Gault bowed in acknowledgment of the point. And he admired El Mujahid’s tactics, largely because the Fighter understood Allied thinking—they always favored rescue over common sense; which made sabotage so effective for men like El Mujahid, and which made profit so deliciously easy for Gault. Since long before the American body count had hit quadruple digits three of Gault’s subsidiary companies had landed contracts for improved plastics and alloys, both for wheeled vehicles and human assets. Now half the soldiers in the field wore antishrapnel polymer undershirts and shorts. Quite a few lives had even been saved, not that this mattered in anything except price negotiations during contract meetings; but it was there. So, the more damage El Mujahid could do with his clever booby traps the more defensive products would be purchased. And even though plastics, petrochemicals, and alloys were only eleven percent of his business, it still brought in six hundred and thirty million per year, so it was all a winwin situation.
“Ah, I understand, my friend,” he said, putting authentic-sounding regret into his voice. “You go in safety and may Allah bless your journey.”
He saw the effect the words had on the big man. El Mujahid actually looked touched. How delicious.

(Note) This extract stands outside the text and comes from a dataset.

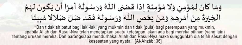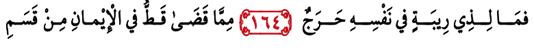 Bagi orang yang memilki keragu-raguan dan di dalam hatinya ada keberatan … Terhadap apa yang beliau tetapkan, maka dia tidak memilki bagian keimanan sama sekali

Amirah had long ago coached Gault in what to say when it came to matters of the faith, and Gault was as good a student as he was an actor. After his second meeting with the Fighter—and after Gault had privately noticed the subtle signs indicating how thoroughly his luggage was being searched every time he came here—he’d started packing a worn copy of a French edition of Introduction to Islam: Understand the Pathway to the True Faith, a book written by a European who had gone on to become a significant and very outspoken voice in Islamic politics. Gault and Amirah spent hours with the book, underlining key passages, making sure important pages were dog-eared, and ensuring that the bookmark was never in the same place twice. El Mujahid had never openly spoken of what he believed to be Gault’s process of conversion, but each time they met the big man was warmer to him, treating him like family now, where once he had kept him at arm’s length.
“I’ll be finished in time for the next phase of the program,” the Fighter said. “I hope you have no worries about that.”
“Not at all. If I can’t trust you who can I trust?” They both smiled at that. “All of the transportation steps are locked down,” Gault added. “You’ll be in America by the second of July… the third at the very latest.”
“That cuts it close.”
Gault shook his head. “The timetable leaves less time for random events to interfere. Trust me on this, my friend. This is something I do very well.”
El Mujahid considered for a moment, then nodded. “Well… I have to go. A sword rusts in its sheath.”
“And an unfired arrow becomes brittle with disuse,” Gault said, completing the ancient aphorism.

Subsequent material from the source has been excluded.